Finetuning on a sequenceClassification task #34

leannmlindsey · 2024-03-08T23:29:57Z

I am interested in using this model on some classification tasks, but when I have tried to set up the fine_tuning script using AutoModelForSequenceClassification, I get an error (see below). I assume this is because the StripedHyena is a new type of model. Do you have any suggestions?

Thank you.
LeAnn

Traceback (most recent call last):
File "/home/llindsey1/CHPC/evo_finetune.py", line 32, in
seq_classification_model = AutoModelForSequenceClassification.from_config(config)
File "/home/llindsey1/.conda/envs/EVO/lib/python3.9/site-packages/transformers/models/auto/auto_factory.py", line 437, in from_config
raise ValueError(
ValueError: Unrecognized configuration class <class 'transformers_modules.togethercomputer.evo-1-131k-base.8eb9480ea22de5f86eeebc1199a76b63b42d7170.configuration_hyena.StripedHyenaConfig'> for this kind of AutoModel: AutoModelForSequenceClassification.
Model type should be one of AlbertConfig, BartConfig, BertConfig, BigBirdConfig, BigBirdPegasusConfig, BioGptConfig, BloomConfig, CamembertConfig, CanineConfig, LlamaConfig, ConvBertConfig, CTRLConfig, Data2VecTextConfig, DebertaConfig, DebertaV2Config, DistilBertConfig, ElectraConfig, ErnieConfig, ErnieMConfig, EsmConfig, FalconConfig, FlaubertConfig, FNetConfig, FunnelConfig, GemmaConfig, GPT2Config, GPT2Config, GPTBigCodeConfig, GPTNeoConfig, GPTNeoXConfig, GPTJConfig, IBertConfig, LayoutLMConfig, LayoutLMv2Config, LayoutLMv3Config, LEDConfig, LiltConfig, LlamaConfig, LongformerConfig, LukeConfig, MarkupLMConfig, MBartConfig, MegaConfig, MegatronBertConfig, MistralConfig, MixtralConfig, MobileBertConfig, MPNetConfig, MptConfig, MraConfig, MT5Config, MvpConfig, NezhaConfig, NystromformerConfig, OpenLlamaConfig, OpenAIGPTConfig, OPTConfig, PerceiverConfig, PersimmonConfig, PhiConfig, PLBartConfig, QDQBertConfig, Qwen2Config, ReformerConfig, RemBertConfig, RobertaConfig, RobertaPreLayerNormConfig, RoCBertConfig, RoFormerConfig, SqueezeBertConfig, StableLmConfig, T5Config, TapasConfig, TransfoXLConfig, UMT5Config, XLMConfig, XLMRobertaConfig, XLMRobertaXLConfig, XLNetConfig, XmodConfig, YosoConfig.

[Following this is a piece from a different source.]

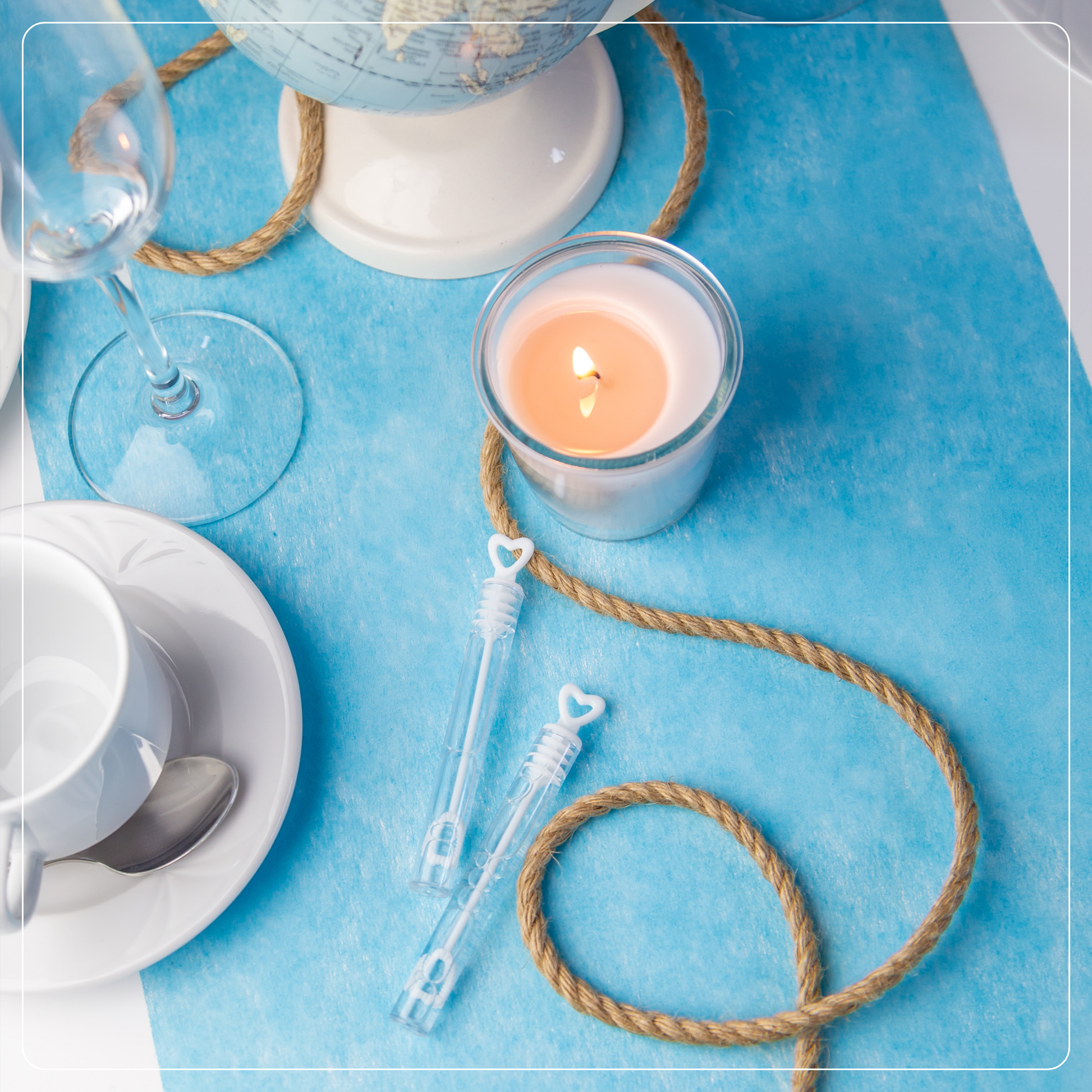 Unser Vlies Tischläufer in strahlendem Aqua-Blau verleiht deinen festlichen Anlässen eine erfrischende Eleganz. Der halbtransparente Einwegtischläufer ist die perfekte Basis, um mit deiner DIY Tischdeko unvergessliche Momente zu kreieren.
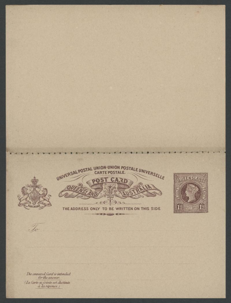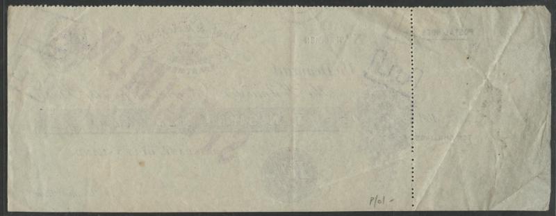 Coat of Arms appearing at right instead of at left on both sides, the horizontal perforations cutting through the heading & indicia on the message side and the heading & indicia misplaced downwards on the reply side, light characteristic stock

xliaoyi · 2024-09-04T19:27:55Z

Hi LeAnn,

Since Evo is designed for sequence generation tasks you probably can't use AutoModelForSequenceClassification to load the config, I tried to add a classification head to fine-tune the Evo to perform binary classification, however, the accuracy is only 50%, I attached my code below. Let me know if you have any other suggestions.

Best,
Liaoyi

import transformers
import torch
import pandas as pd
from transformers import AutoTokenizer, AutoModelForCausalLM, BitsAndBytesConfig, AutoConfig, DataCollatorWithPadding
import os
from sklearn.metrics import accuracy_score
import numpy as np
from typing import Optional

from datasets import Dataset
from transformers import TrainingArguments, Trainer

os.environ["CUDA_VISIBLE_DEVICES"] = "0"
os.environ["WANDB_DISABLED"] = "true"

model_name = 'togethercomputer/evo-1-8k-base'

model_config = AutoConfig.from_pretrained(model_name, trust_remote_code=True)
model_config.use_cache = False

custom_cache_dir = "./models/evo/cache"
model = AutoModelForCausalLM.from_pretrained(
    model_name,
    config=model_config,
    cache_dir=custom_cache_dir,
    trust_remote_code=True,
    device_map={"":0},
    torch_dtype=torch.float16
)

# Add classification head
num_labels = 2
model.classifier = torch.nn.Sequential(
    torch.nn.Linear(512, 256),
    torch.nn.ReLU(),
    torch.nn.Linear(256, num_labels)
)

tokenizer = AutoTokenizer.from_pretrained(model_name, trust_remote_code=True)
tokenizer.pad_token = "X" # there is no pad token in evo so I randomly picked one
tokenizer.padding_side = "left"  # since last token for classification we need to pad left side

for p in model.parameters():
    p.requires_grad = False

# Unfreeze the last layer and the classification head
for p in model.backbone.blocks[-1].parameters():
    p.requires_grad = True
for p in model.classifier.parameters():
    p.requires_grad = True

# Load custom datasets
train_df = pd.read_csv("./data/train_data_DNABERT_2_200k/train.csv")
dev_df = pd.read_csv("./data/train_data_DNABERT_2_200k/dev.csv")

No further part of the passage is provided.